This from the Railway Gazette...
Rotherham tram-train replaces Penistone scheme
Now there's a surprise!
Penistone too difficult so DafT changes the question.
Will the dysfunctional Department ever see a rolling stock procurement exercise through to a successful conclusion?
UPDATE: This from Steve Strong...
Look on the positive side.
At least Sheffield to Huddersfield passengers won't have to stand cross-legged on a train with less seats and no loo (cf the current pacers).
UPDATE: This from Sir Humphrey Beeching...
The Fact Compiler is losing his touch!
Has he not noticed the following paragraph at the end of the Department's press release:
The project partners are still planning to test tram-trains on the Penistone Line between Sheffield and Huddersfield via Barnsley at a later date after work concluded that, electrically-powered tram-trains are more economically viable for use in the UK than the diesel equivalent which was being proposed for trial on the Penistone line
Interesting.
Electrically powered tram-trains.
And yet the freight line upon which these are now supposed to run is not electrified.
And as the spec' for the tram-trains appears to have changed does not this mean the procurement process will have to be rerun?
Either way it would have been cheaper to cancel the entire project.
Unless, of course, you have the mindset of an 'insurgent'...
Tuesday 15 September 2009
DafT phones a friend
Scorched earth policy revealed
Lord Mandelson suggests this government should have the mindset of "insurgents" rather than "incumbents".

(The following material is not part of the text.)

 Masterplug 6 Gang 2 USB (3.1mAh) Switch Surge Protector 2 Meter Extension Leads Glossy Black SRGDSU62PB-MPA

So what Improvised Economic Disasters will Mandy and Brown leave behind for an incoming administration?
This from Spycatcher...
Travelling in a cab with a Treasury wonk recently, I congratulated her on getting the Crossrail Act passed.

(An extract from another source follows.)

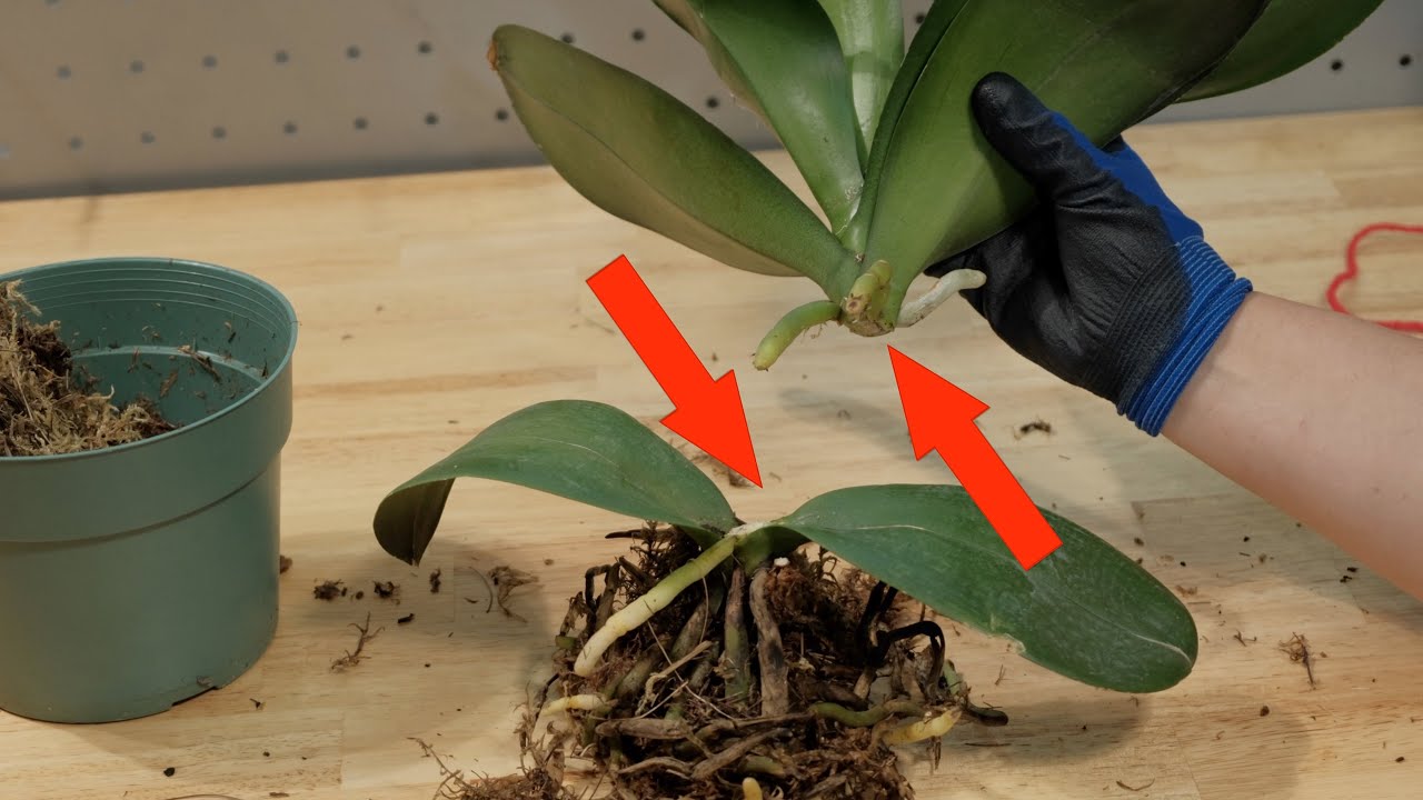 Bevor Sie die Orchidee in den Boden pflanzen, prüfen Sie, ob Anzeichen von Schimmel oder faulen Pflanzenteilen vorhanden sind.

It was easy, she said, to take the short-term political credit for getting it onto the statute book, as the inevitable cost overruns on the £16bn project would land on the desk of the next government.
“Just like they did to us with the Dome” she added.
Charming!
Happy anniversary
A day to gladden the hearts of all railwaymen!
On this day in 1830, at the opening of the Liverpool and Manchester Railway, William Huskisson MP interfered with the operation of the railway and paid for his audacity with his life.
Sadly it's been a bit one sided in the wrong direction since then.